Прошло еще какое-то время.
– Они, вероятно, все заснули! – заметила опять Этельберта. – Ведь скоро пять часов, пора чай пить.
Тишина действительно стояла полная. Я подошел к трапу и окликнул мистера Гойльса. Мне пришлось кликнуть три раза, и только тогда он явился на зов. Почему-то он казался более старым и рыхлым, чем прежде; во рту у него была потухшая сигара.
– Когда вы будете готовы, капитан, мы тронемся, – сказал я.
– Сегодня мы не тронемся, с вашего позволения, сэр.
– А что такое сегодня? Плохой день?
Моряки – народ суеверный, и я подумал, что нынешний денек мистеру Гойльсу чем-нибудь не понравился.
– Нет, день ничего, только ветер, кажется, не хочет меняться.
– А разве ему нужно меняться? Как будто он дует прямо в море.
– Вот-вот, сэр! Именно: он бы и нас отправил прямо в море, если бы мы снялись с якоря. Видите ли, сэр, – прибавил он в ответ на мой удивленный взгляд, – это ветер береговой.
Ветер был действительно береговой.
– Может быть, за ночь переменится! – И, ободрительно кивнув головой, мистер Гойльс разжег потухшую сигару. – Тогда тронемся: «Головорез» – хорошее судно.
Я вернулся к Этельберте и рассказал о причине задержки. Она была уже не в том милом настроении, как утром, и пожелала узнать, почему нельзя поднять паруса при береговом ветре.
– Если бы ветер был с моря, то нас выбросило бы обратно на берег, – заметила она. – Кажется, теперь самый подходящий ветер.
– Да, тебе так кажется, дорогая моя, но береговой ветер всегда очень опасен.
Этельберта пожелала узнать, почему береговой ветер всегда очень опасен. Ее настойчивость огорчила меня.

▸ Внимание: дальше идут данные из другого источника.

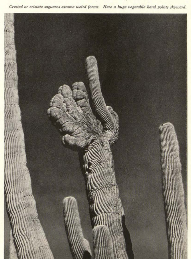 Arizona Highways, October 1950 (photo by Josef Muench) From the article In The Land of The Desert Giants by Joyce Rockwell Muench: "While not many diseases or pests attack the Saguaro, an injury to the circular cell group at the apex sometimes produces the crested or 'cristate' forms. Weird and interesting, they are actually a sort of cancerous growth where the cell grows too rapidly and may be caused by bacteria or perhaps the stab of a bird's bill."
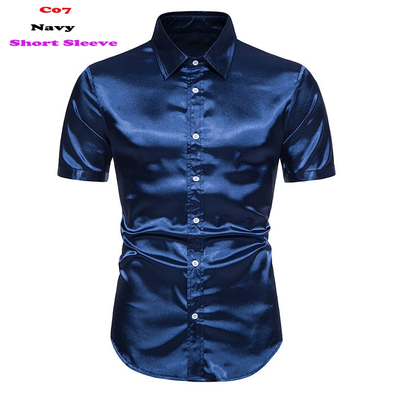 Royal Blue Silk Satin Shirt for Men 2023 Luxury Brand New Slim Fit
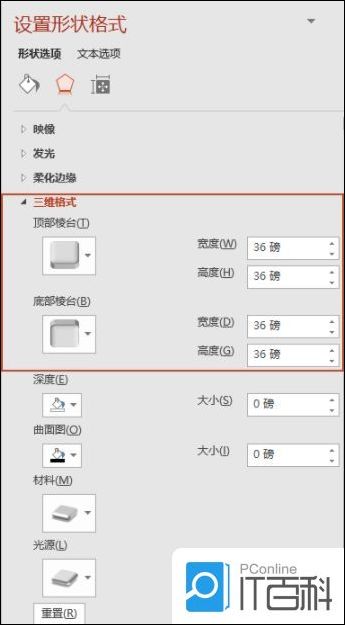 点击这个“五角星”,右键打开“设置形状格式”。选择“顶棱镜”和“底棱镜”的样式,“宽”和“高”的值,输入36点。(此处仅供参考,可以根据具体情况进行调整。)
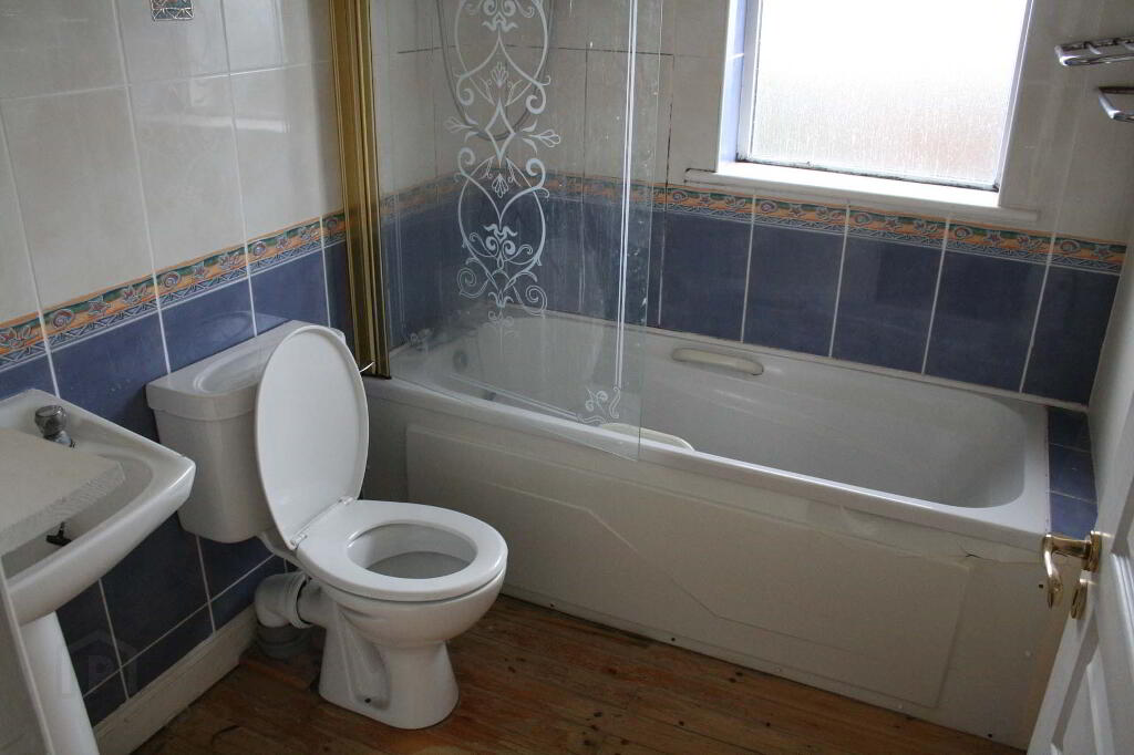 Wood Floor, Radiator, W.C., W.H.B., Bath, Electric Shower, Part Tiled.
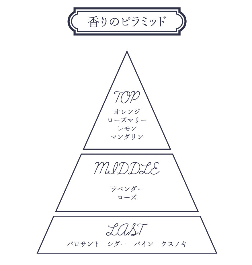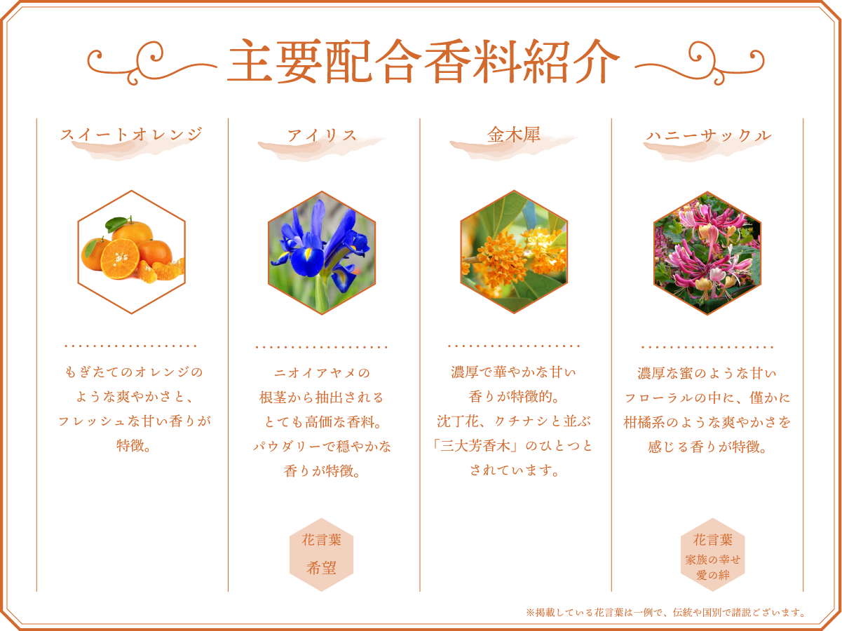 陽の香り→陰の香りと推移していく東洋医学等の仕分けに基づいて香料をブレンドしました。

– Я этого не сумею объяснить, но идти в море при таком ветре было бы ужасным риском, а я тебя слишком люблю, моя радость, чтобы рисковать твоей или своей собственной жизнью.
Я думал, что очень мило все объяснил, но Этельберта, посетовав на то, что уехала из Лондона днем раньше, скрылась в каюте.
Мне стало почему-то досадно. Легкое покачивание яхты, стоящей на якоре, может испортить самое блестящее настроение.
Утром я был на ногах чуть свет. Ветер дул прямо с севера. Я сейчас же отыскал шкипера и сообщил ему о своем наблюдении.
– Да, да, сэр. Очень печально, но мы этого изменить не можем.
– Как? Нам и сегодня нельзя тронуться с места!
– Видите ли, сэр, если бы вы хотели идти в Инсвич – хоть сейчас! Сколько угодно! Но наша цель – Голландские острова, вот и приходится сидеть.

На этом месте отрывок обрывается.